To whom it may concern:

Please remove Steve Phillips from all of your baseball broadcasts. During Baseball Tonight and SportsCenter, Phillips has been a relatively unspectacular commentator. Allowing Phillips to speak outside of these timed, mostly scripted intervals, however, has proven to be like a jailbreak, where the prisoners are all the stupidest thoughts about baseball.

After the Mets got off to a modest start this season, Steve Phillips used the late-innings of a Mets/Braves broadcast to hop on all the worst bandwagons of opinion about this team. He latched onto the most nebulous accusations against the Mets, many perpetrated by his successor as GM, Omar Minaya. Phillips accused the team of "lacking edge" a sentiment I've argued is a refuge for people who can't understand the real issues with a team. He cited Jose Reyes, Carlos Beltran, and David Wright, in particular, as lacking this edge, and in turn, attributed the Mets inability to reach the playoffs on them.  To the rational observer, this statement seemed pretty ironic, since Wright, Beltran, and Reyes have been shown to be more helpful in bringing their team to the postseason, than just one other player in the National League. Phillips also claimed the Mets lacked a player that "never made mistakes," truly a lofty goal in a sport where even the best players fail 60% of the time. Derek Jeter and Kevin Youkilis were then contrasted as two players who never make mistakes, a claim that probably didn't help your networks' perceived pandering to the biggest markets.

If Mr. Phillips thinks Derek Jeter is perfect, it probably explains much about why his time with the Mets came to a screeching halt in the early-2000s. Jeter represents some of the most overvalued qualities in baseball: hitting for average and fundamentally solid, no-range fielding. Thankfully the Wilpons canned Steve Phillips when they did, because I hate to imagine how he'd fare in a market that's increasingly focused on young talented players and advanced fielding metrics, neither of which Phillips seems to believe in.

Before ESPN's most recent broadcast of the Mets, however, the setting was different. Entering yesterday's game, the Mets were in first place in the East, and much of the stupid "edge" talk surrounding this team had died down. I think the accused, David Wright, said it best:

"The definition of edge is going out there and getting a few wins, and then all of a sudden you don't have to worry about anyone talking about edge anymore"
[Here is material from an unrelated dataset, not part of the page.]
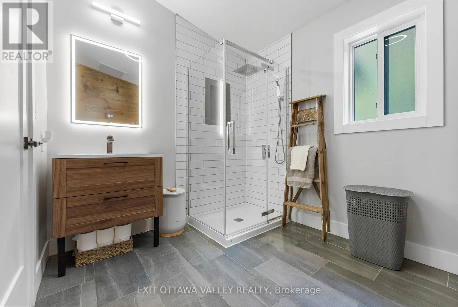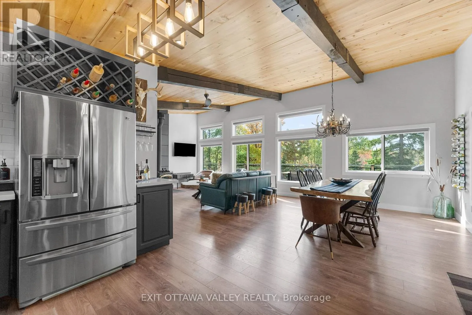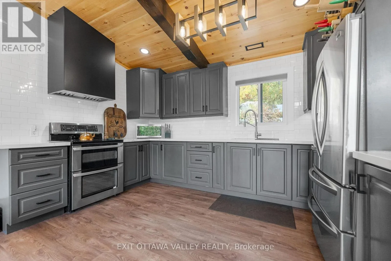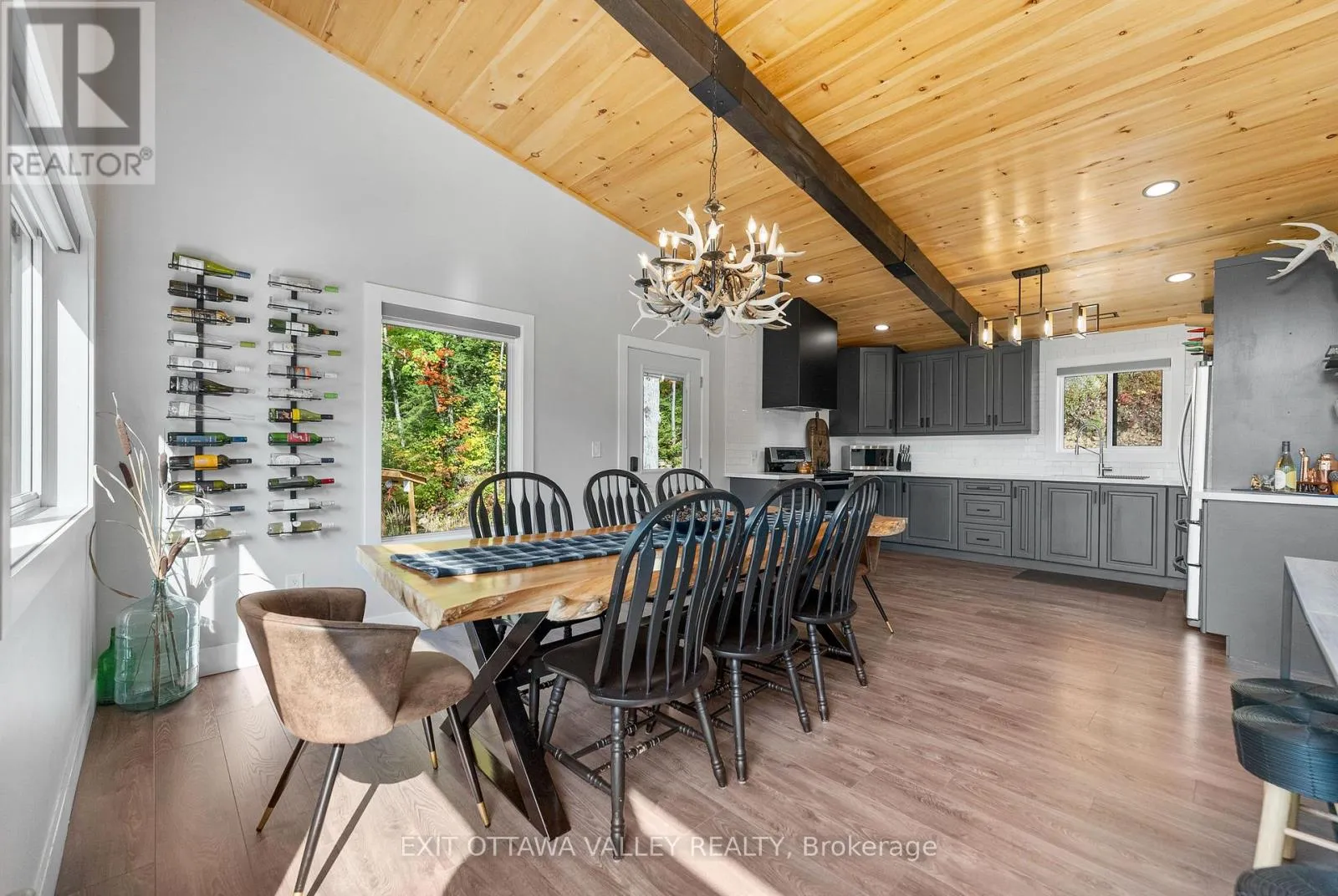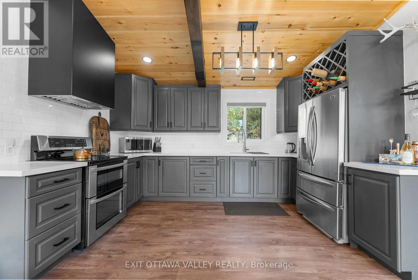 Cross Streets: Hopefield Road. ** Directions: From Hwy 60 in Wilno, Turn onto Wilno South road. In 5.4 km turn left onto Opeongo road. In 850 m, Turn right into Hopefield road. Property is on left in 2.2 km. Welcome to Maple Ridge. Built in 2021, this extraordinary hilltop retreat is the perfect blend of modern luxury and rustic charm. From the moment you arrive, the craftsmanship and attention to detail are impossible to miss. Every inch of this home is thoughtfully designed for both relaxation and style. Step onto the expansive 700 sq/ft deck and soak in the treetop views. Set on nearly 2 private acres, the property is surrounded by nature and offers complete privacy with no close neighbors-your own secluded escape. Inside, the home impresses with 12-foot ceilings, expansive windows, and an airy open layout that fills every room with natural light. Quartz countertops, a deep soaker tub, and sleek finishes bring a modern edge, while the warm textures and WETT-certified fireplace create the inviting, cozy atmosphere of a true retreat. Designed for four-season enjoyment, the outdoor spaces are equally exceptional. Unwind in the new sauna (2024) or hot tub (2025), refresh in the outdoor shower, or gather around the firepit under a canopy of stars. When summer calls, enjoy sandy beaches just five minutes away. A private trail winds through the property, leading to your own lookout with breathtaking views of the rolling hills. Practicality meets beauty with a low-maintenance metal roof, composite deck with metal railings, and a cleared space ready for a future garage. Oversized windows are fitted with fire-resistant, remote-controlled blackout blinds, while a full security system and interconnected smoke alarms provide peace of mind. Thoughtful landscaping enhances the natural surroundings and adds undeniable curb appeal. Currently an Airbnb favorite with a flawless 5-star rating, this property is where sleek, modern design meets the warmth of rustic living. A rare find whether you're seeking a private retreat, a turn-key investment, or both. (id:27476)

Many of us expected Phillips to back down from his earlier platitudes, or at least, act as if it had never happened. Instead, he went on the offensive, accusing David Wright and Jose Reyes of lacking leadership. At this point, somewhat miraculously, the much-maligned Joe Morgan came to the rescue and began rebutting much of the stupidity coming out of Phillips' mouth.  Joe Morgan, a man who your own employees had allegedly accused of misinformed broadcasting, a man who had a wildly successful website devoted to making fun of his ineptitude, suddenly sounded like the voice of reason. Morgan pleaded with Phillips that Wright's leadership was subtle and still developing. He argued that Reyes' fun-loving attitude was not necessarily a bad thing. Ol' Joe even made the most obvious point of all: there's absolutely no way the Mets would be better off without their superstars. At one point, Phillips even cited New York talk radio, the lowest common denominator of sports discussion, for the idea of trading Jose Reyes. Joe Morgan laughed.
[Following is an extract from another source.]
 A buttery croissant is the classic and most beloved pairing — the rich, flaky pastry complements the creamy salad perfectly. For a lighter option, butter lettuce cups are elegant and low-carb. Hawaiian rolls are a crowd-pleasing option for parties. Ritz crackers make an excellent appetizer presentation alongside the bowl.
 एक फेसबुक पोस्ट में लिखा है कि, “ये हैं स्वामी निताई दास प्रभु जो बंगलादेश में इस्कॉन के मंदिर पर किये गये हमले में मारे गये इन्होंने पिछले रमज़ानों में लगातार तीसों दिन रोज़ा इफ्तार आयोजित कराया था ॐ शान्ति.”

Still Phillips persisted, and I wanted at that point to ask him a few questions of my own, like: "Do you think the Toronto Blue Jays would mind Wright's lack of leadership?" or "How bad would the Indians be if they suffered through Reyes' immature antics?" Every time I see your network's "Best Team In Baseball" ad, in which Phillips brags about drafting Wright, I die a little inside. I suggest a new ad, where Phillips instead says "...and that's how Mike Hampton rejected my 8-year contract offer, thus giving me a supplemental pick, which I then used to draft high-school third baseman, who I repeatedly tried to trade for crappy outfielders."

Perhaps the most telling part of the whole broadcast was when Phillips had to deliver an obviously prepared presentation on Carlos Beltran being a five-tool player, after ripping him. Needless to say, he wasn't too convincing. At that point, Joe Morgan devolved back into his usual sub-moronic drivel about "the sixth-tool being the brain," which Phillips saw as a great chance to talk about what he really thought about Carlos Beltran. "Carlos Beltran doesn't always exemplify a strong mental game" or something like that, cue video of him not sliding into home. Forget the preponderance of statistical evidence showing Beltran to be one of the smarter baserunners ever. At that point, however, I just turned off the TV.

So, please fire Steve Phillips, or at least remove him from broadcasts. He nearly drove one organization into the ground with his lack of baseball knowledge and I fear he will do the same to yours.